* Work request: For the records below, please print exactly and only the lines from the one with "Take play to" down to the one with "Touchdown Jesus - Spray", both ends included, omitting the pictures.

* Records to use:
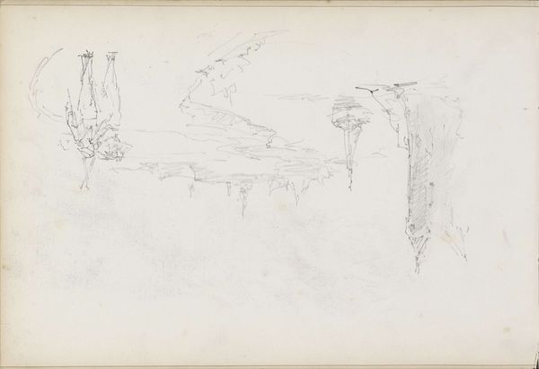 Editor: This landscape, circa 1891, is simply titled "Landschap," which translates to "Landscape," and it's a drawing by Egbert Rubertus Derk Schaap, rendered in pencil on paper. My first impression is one of delicacy. It feels almost ephemeral. Curator: Precisely. Observe the artist’s economical use of line. Note how Schaap eschews tonal shading for contour, thereby generating form through sheer articulation of edge. Editor: Yes, the linework. It creates a sense of barely-there forms. The suggestion of trees, of some kind of water… what does this type of landscape mean to you, symbolically? Curator: The image prompts questions regarding the very definition of landscape. Its sketched quality destabilizes concrete identification, rendering the scene open to semiotic interpretation rather than merely mimetic representation. We are left only with faint traces. Editor: Faint traces of nature, indeed, but within Dutch art, landscape painting carried connotations of national identity and even spiritual meaning. Do you see echoes of that here, however understated? Curator: Perhaps the suggestion of nature as an ungraspable ideal, available only through fragmented impressions? The use of negative space certainly emphasizes a certain hollowness or longing. Observe how the pencil strokes vary in pressure, creating subtle rhythms. Editor: There’s also a raw, unfiltered quality here, a kind of immediacy that allows you to glimpse the artist's working process. It's like peeking into his sketchbook. Curator: An intimate encounter facilitated by Schaap’s restrained vocabulary. He prioritized formal reduction over descriptive accuracy. Editor: This approach really allows for the viewer to project their own narrative onto the work, making it incredibly personal. Curator: Exactly. The structural composition guides, but doesn’t confine. It allows our gaze to find our own story within it. Editor: It leaves us in a shared space of suggestion, then, wouldn't you say? Curator: An accord of forms rather than a fixed landscape, perhaps a transient, suggestive visual pact.
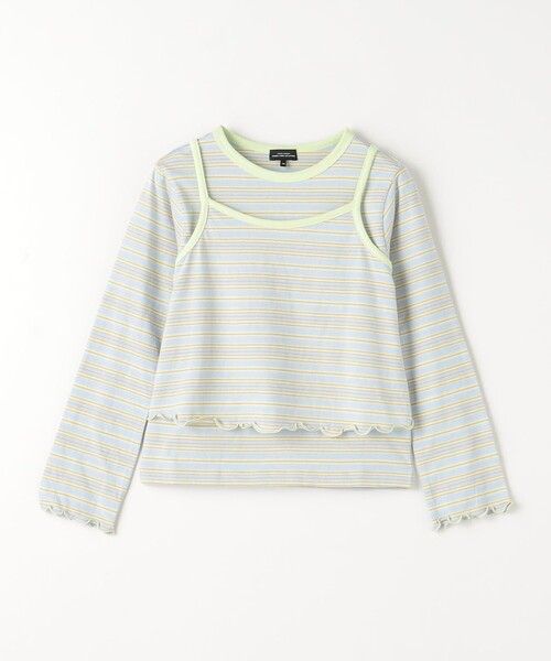 お得なセットアイテム ■デザイン レイヤードして着るとオシャレ感がUPするセットアイテム。 マルチボーダーのロングスリーブトップスと、同素材のキャミソールです。 袖や裾はメロウをきかせ、ポイントに。 セットでレイヤードスタイルはもちろん、それぞれ単品使いも可能。 オシャレな色合いで、暗くなりがちな冬のコーディネートを華やかにみせてくれそう。 ■素材 洗濯機洗いもでき、普段使いしやすい。 ■コーディネート 様々なボトムと相性良く着用いただけます。 ・シリーズでキッズサイズのご用意もございます。 対象品番:38121982010 ============================ 裏地:なし 伸縮:ややあり 光沢感:なし ケア方法:洗濯機洗い可 ============================ 【注意事項】 ※商品を使用前に、タグ等に記載されている「取り扱い上の注意書き」、「洗濯表示」を必ずご確認ください。 ※商品画像は、光の当たり具合やパソコンなどの閲覧環境により、実際の色味と異なって見える場合がございます。あらかじめご了承ください。 ※商品の色味の目安は、商品単体の画像をご参照ください。 ・160cmはWEB限定サイズです。 店舗へお問い合わせの際は、全国のgreen label relaxing各店舗まで下記の品名/品番をお申し付けください。 品名:◆TJ マルチBDR キャミ+PO SET 品番:38621982010
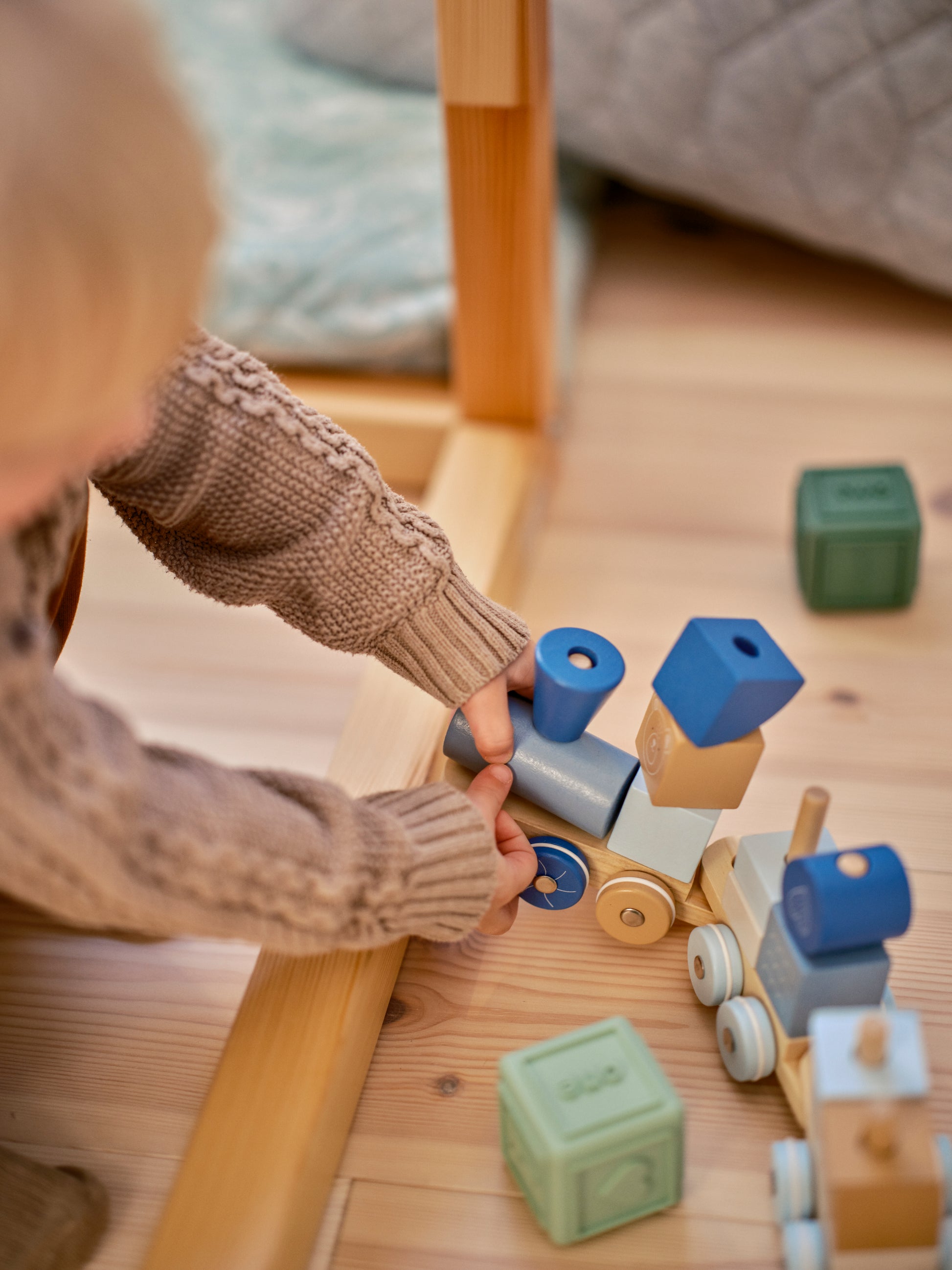 Take play to the next level with the Blue Brick Train from Moovertoys. Constructed from FSC-certified wood, this train comes with blocks that kids can stack and arrange as they drive the train around. The toy is both educational and entertaining, stimulating fine motor skills, creativity and logical thinking. The child-safe, non-toxic colors make it a safe choice for little hands.
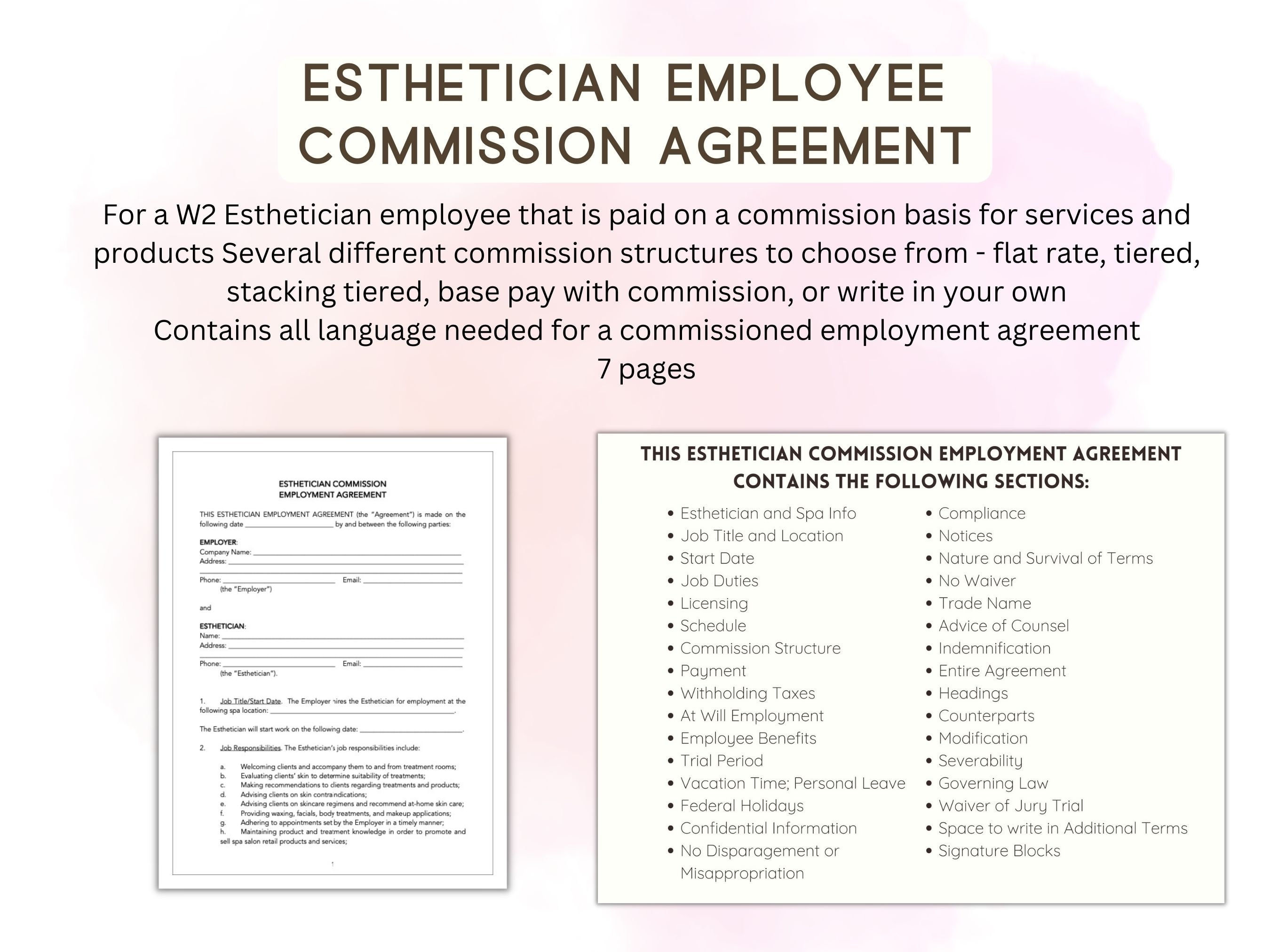 Esthetician Employment Agreement CANVA Template Editable Esthetician
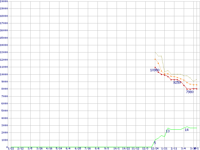 WD15EARS (1.5TB,64MB)の価格推移↑前グラフ(2009年1月22日〜2010年4月1日)※このグラフは過去のデータも税率5%相当に調整した税込み相当額のグラフです。 税率変更や、総額表示方式導入(2004年4月)の影響は除いています。●関連グラフHDD/SSD主要製品の最安値推移HDD/SSD主要製品(最安値1万円未満)の最安値推移HDD 1.5TB〜2TB未満の最安値推移WD Caviar Green (3Gb/s)の最安値推移●凡例最安値(点線部は販売店未確認または未調査)平均値最高値ショップ数
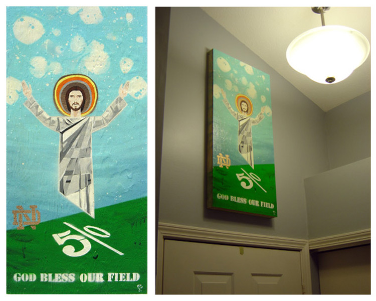 Touchdown Jesus - Spray Paint and Stencil on Wood Panel
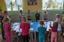 Формировать навыки коллективного труда: трудиться рядом, не мешая друг другу, в общем ритме.
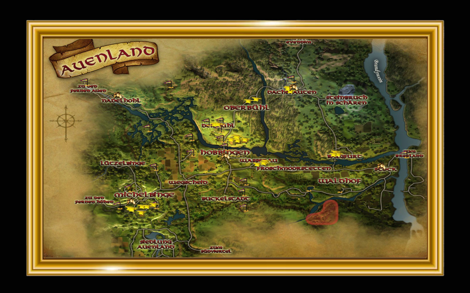 'Diese Fremden sind hier in der Gegend wirklich ein Problem. Ich bin mir ziemlich sicher, dass sie auf den Höfen Lebensmittel gestohlen haben, und es ist nur eine Frage der Zeit, bis sie richtigen Ärger machen werden.Diese Violetta ist wahrscheinlich in diese Richtung gegangen und in Schwierigkeiten geraten. Also, wenn Ihr mich fragt: Ihr solltet Euch um diese Raufbolde kümmern. Vielleicht sind sie ja einsichtig und verschwinden wieder dahin, wo sie hergekommen sind,Die Raufbolde, Räuber, die sie sind, lagern nicht weit von hier im Westen. Ihr Lager befindet sich auf dem Höhenzug von Engkleve, am Wasserfall vorbei im Süden. Es sieht ziemlich gefährlich aus, aber direkt vor der Stelle, an der sich das Wasser die Felsen hinunterstürzt, werdet Ihr eine Furt im Fluss finden.'
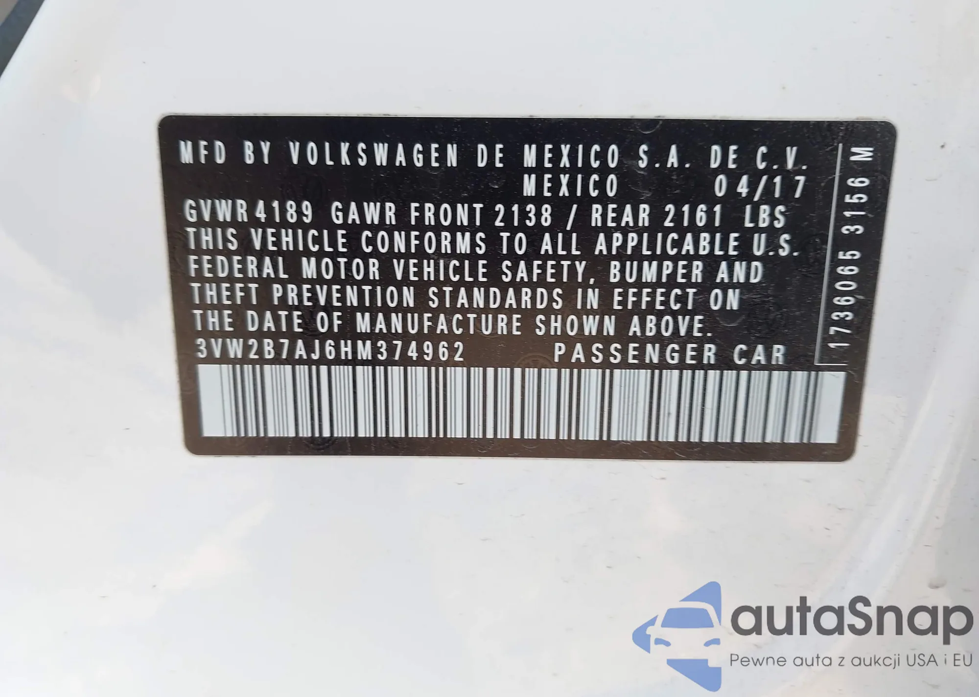 • VIN 3VW2B7AJ6HM374962
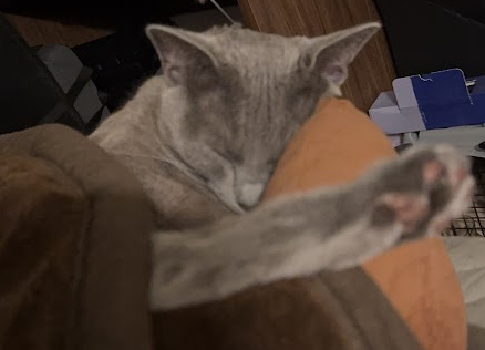 頑張って目をつむっている小さい猫のリジー

* Exercise solution:
 Take play to the next level with the Blue Brick Train from Moovertoys. Constructed from FSC-certified wood, this train comes with blocks that kids can stack and arrange as they drive the train around. The toy is both educational and entertaining, stimulating fine motor skills, creativity and logical thinking. The child-safe, non-toxic colors make it a safe choice for little hands.
 Esthetician Employment Agreement CANVA Template Editable Esthetician
 WD15EARS (1.5TB,64MB)の価格推移↑前グラフ(2009年1月22日〜2010年4月1日)※このグラフは過去のデータも税率5%相当に調整した税込み相当額のグラフです。 税率変更や、総額表示方式導入(2004年4月)の影響は除いています。●関連グラフHDD/SSD主要製品の最安値推移HDD/SSD主要製品(最安値1万円未満)の最安値推移HDD 1.5TB〜2TB未満の最安値推移WD Caviar Green (3Gb/s)の最安値推移●凡例最安値(点線部は販売店未確認または未調査)平均値最高値ショップ数
 Touchdown Jesus - Spray Paint and Stencil on Wood Panel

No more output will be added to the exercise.